New treatment paradigm for prostate cancer: abarelix initiation therapy for immediate testosterone suppression followed by a luteinizing hormone-releasing hormone agonist.BJU Int. 2012 Aug; 110(4):499-504.BI
Study Type - Therapy (prospective cohort). Level of Evidence 2a. What's known on the subject? and What does the study add? The sequential administration of a GnRH antagonist followed by an LHRH agonist in the management of prostate cancer patients has not been studied, but such a program would provide a more physiologic method of achieving testosterone suppression and avoid the obligatory testosterone surge and need for concomitant antiandrogens that accompany LHRH agonist therapy. The current study which uses abarelix initiation therapy for 12 weeks followed by either leuprolide or goserelin demonstrates the ability to more rapidly achieve testosterone suppression, avoid the obligatory LHRH induced testosterone surge, avoid the necessity of antiandrogens, all of which were accomplished safely, without inducing either additional or novel safety issues.
• To demonstrate the safety and endocrinological and biochemical efficacy of initiating treatment with the gonadotropin-releasing hormone (GnRH) antagonist, abarelix, followed by administration of an luteinizing hormone-releasing hormone (LHRH) agonist in patients with advanced and metastatic prostate cancer.
PATIENTS AND METHODS
• A multicentre, open-label design study was conducted at 22 centres in the US involving patients with: localized, locally advanced or metastatic disease; with a rising prostate-specific antigen (PSA) after definitive local treatment; patients undergoing neoadjuvant hormonal therapy before local therapy (radical prostatectomy, radiation therapy or cryosurgery); and patients in whom intermittent therapy was the planned treatment. • All patients received abarelix for 12 weeks followed by an LHRH agonist (either leuprolide or goserelin) for 8 weeks • The primary efficacy endpoint was achievement and maintenance of castration defined as testosterone <50 ng/dL from day 29 through to day 141 and whether abarelix initiation therapy could eliminate the testosterone surge after two consecutive doses of LHRH agonist therapy. • PSA, LH and follicle-stimulating hormone (FSH) levels were measured and adverse events were monitored.

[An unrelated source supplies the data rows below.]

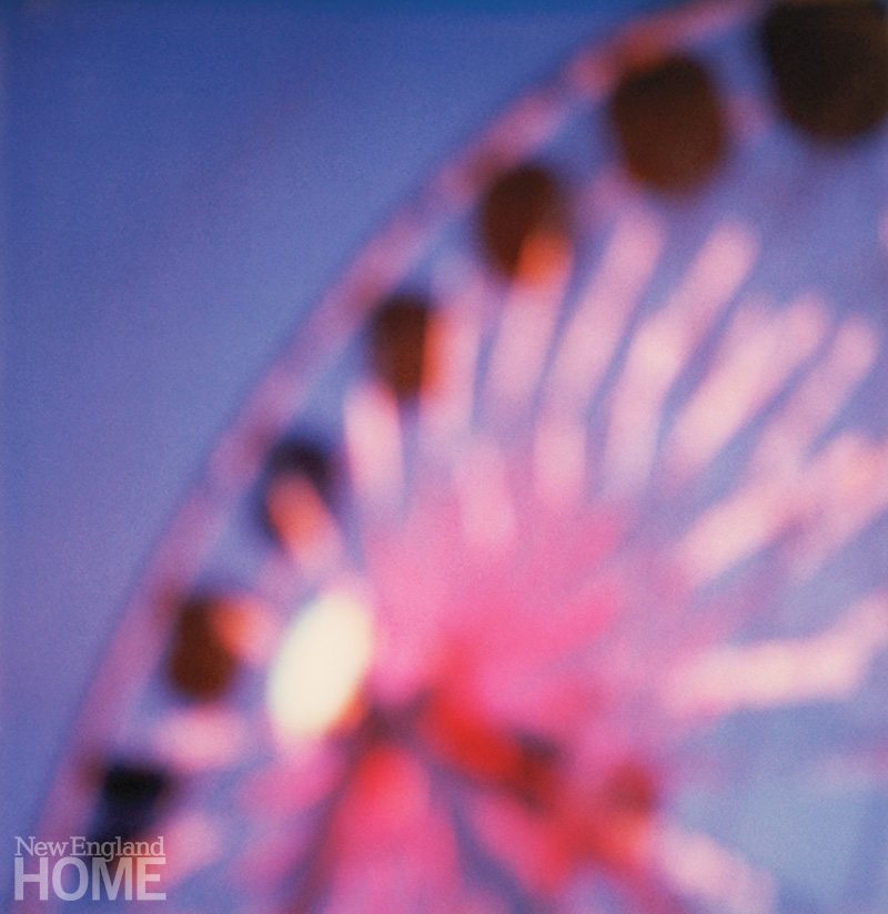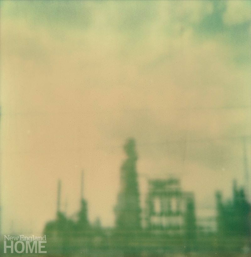 These tools are, first and foremost, Mikula’s collection of vintage Polaroid cameras and film. The unpredictable nature of each camera, as well as the volatility of expired film, is central to her method. Mikula takes notes about each of her cameras before selecting a model for a specific project; she takes the same care in choosing her film. Until recently, she used only natural light, and she never manipulates the image after taking the shot. The Polaroid print is then scanned and reproduced, with astonishing results. The pinhole camera and rare Polaroid Chocolate film used in bearings #1 captures, in moody abstraction, the experience of being on a fishing boat off Cape Cod. In Civil Twilight, Santa Monica, CA #1, a Ferris wheel becomes a half-circle of refracted light, swirling through our collective memories of such a place and time.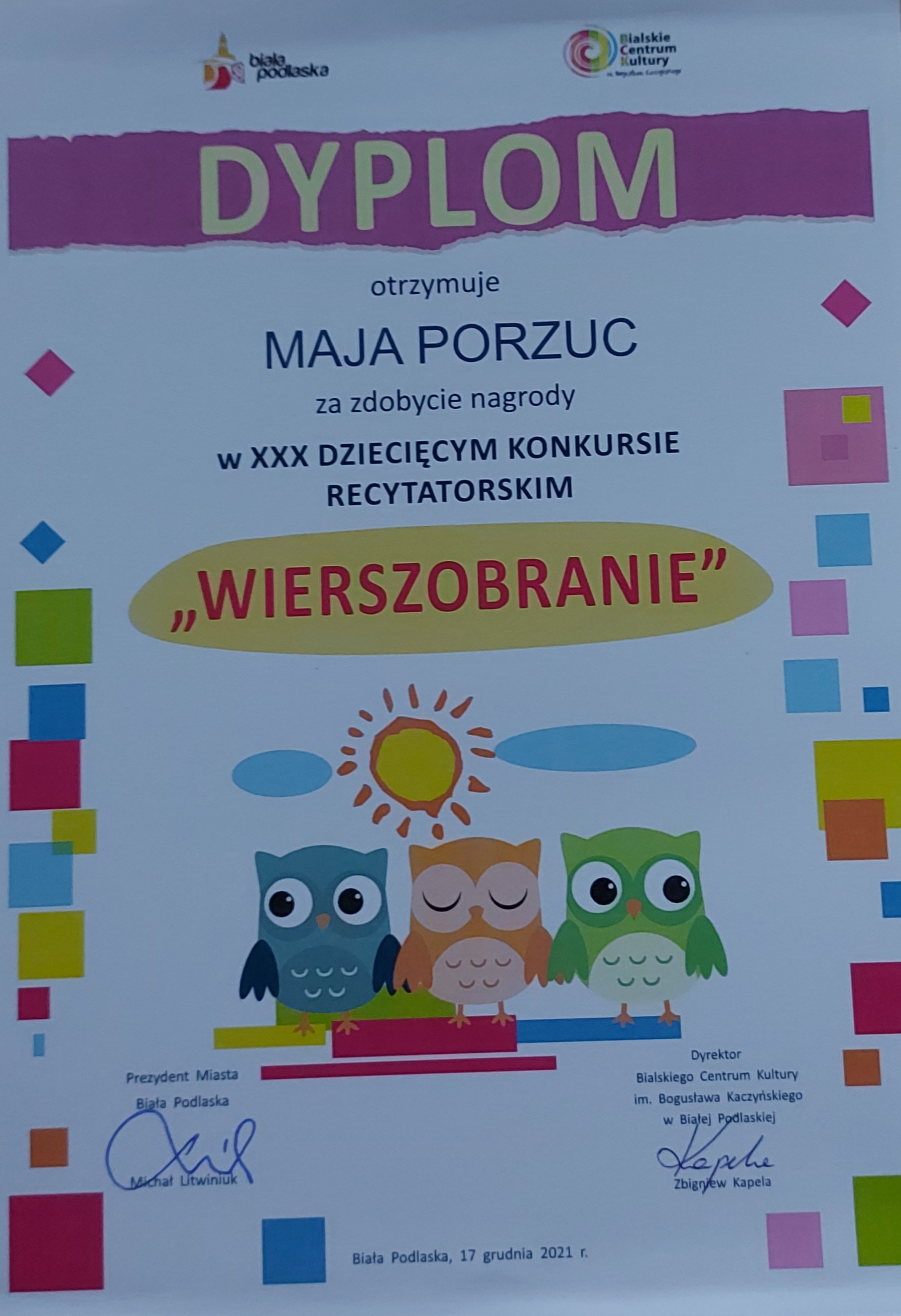 MAJA LAUREATKĄ W KONKURSIE RECYTATORSKIMOpublikowano: niedziela, 19, grudzień 2021 12:30 | Super User | Drukuj | Odsłony: 1079MAJA ZOSTAŁA LAUREATKĄ W KONKURSIE RECYTATORSKIM "WIERSZOBRANIE". GRATULUJEMY !!!! A BYŁO TO TAK ......... KLIKNIJ TUTAJ poprz. nast.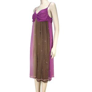 AMERICAN VINTAGE Designer PARIS 100% Silk Fairy Flowy Pink Sequin Midi Dress 42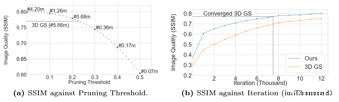 (b) We analyze the initial optimization trajectory between 3DGS and our default model (pruning threshold of 0.01) within the "Bicycle" setting. Our findings reveal a more pronounced improvement in SSIM metrics, demonstrating that our default model achieves comparable quality within fewer than 8,000 optimization steps.
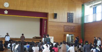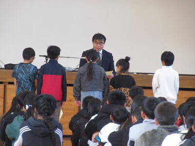 今日の児童集会は、最初にバトミントンや卓球で活躍した子ども達の表彰がありました。地域の社会体育で頑張っている子ども達です。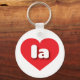 This keychain features a vibrant red heart containing the bold, white, rounded lower case letters la, a playful abbreviation for Louisiana, the pelican state, OR Los Angeles, the city of angels.

• A total of 176 patients were enrolled into the present study, the majority of whom had localized prostate cancer (82%) and a PSA level <10 ng/mL (62%). • At the end of the abarelix treatment period (day 85), 93.8% of patients achieved castrate levels; during the first week of switch over to the LHRH agonist therapy (days 85-92) the rate was 86.5% and during the week after the second LHRH agonist injection (days 114-12) it was 93.3%. • A small, transient increase in testosterone occurred during the first injection of the LHRH agonist; mean (standard deviation [sd]) values increased from 17 (17.8) ng/dL at day 85 to 37.3 (51.07) ng/dL at day 86. • Mean (sd) PSA levels decreased from 20.5 (56.6) ng/mL at baseline to 3.7 (23.5) ng/mL on day 85 and remained stable throughout the LHRH agonist treatment phase. • Treatment-related adverse events occurred in 84% of patients overall; a similar incidence was reported during the two treatment phases.

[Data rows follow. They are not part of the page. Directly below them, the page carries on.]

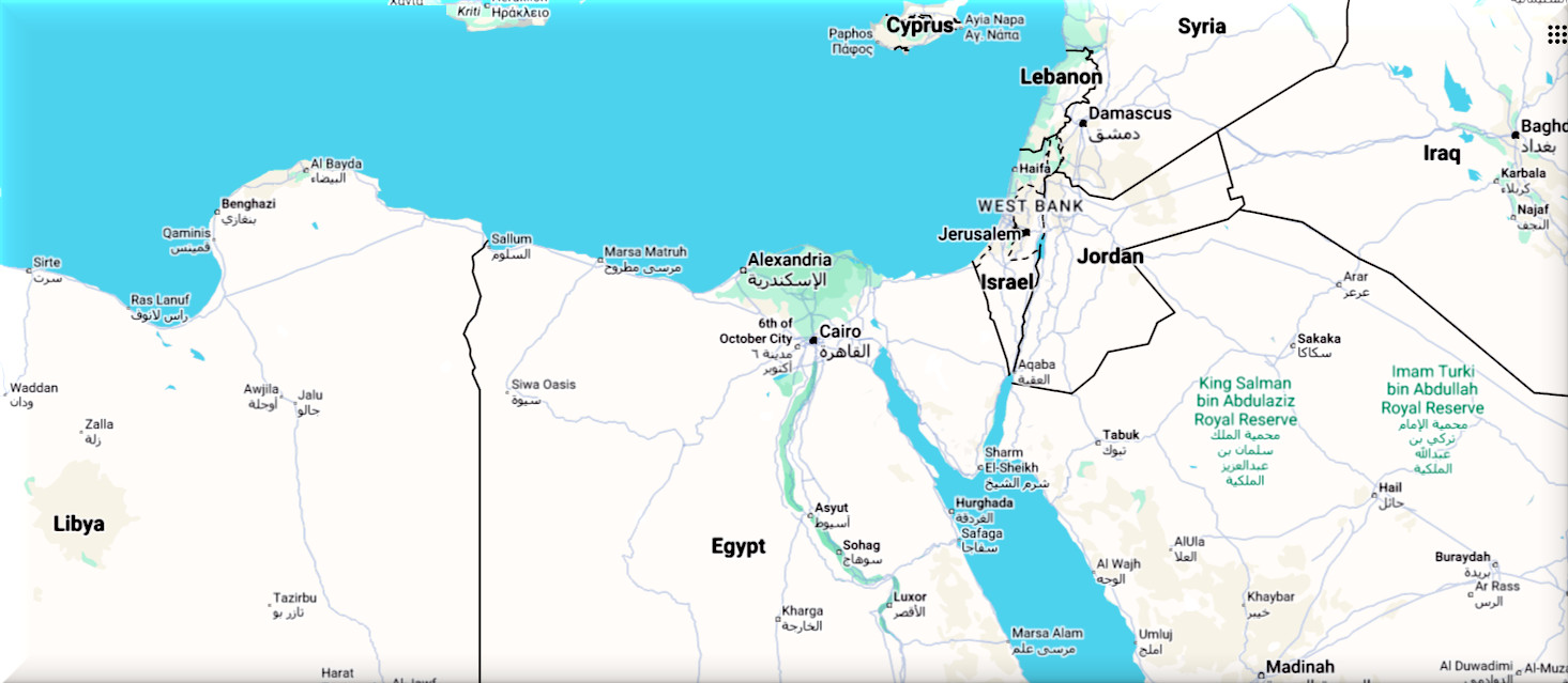 Note the dearth of street views once you cross into Egypt
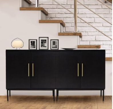 2 Storage cabinets - all black with gold handles. 1 has doors and the other is open, but I have the doors and handles. All instruction materials and handles are included. Dimensions in pictures. Buyer must pick up.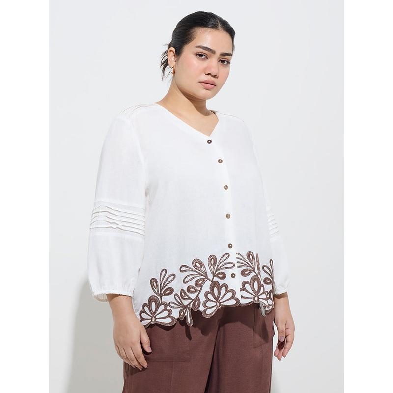 Gia presents this white blouse, elegantly adorned with floral embroidery. Crafted from a breathable linen-blend fabric, it features a flattering V-neckline that flows into a button-up front. The peasant sleeves, accented with delicate pintuck detailing, ad

• Abarelix initiation therapy results in the desired effect of achieving rapid testosterone suppression; testosterone surges after subsequent LHRH agonist therapy are greatly abrogated or completely eliminated. • This treatment paradigm (abarelix initiation followed by agonist maintenance) obviates the need for an antiandrogen. • Abarelix was well tolerated and no clinically meaningful or novel adverse events were observed during abarelix treatment or in the transition to LHRH agonist maintenance therapy.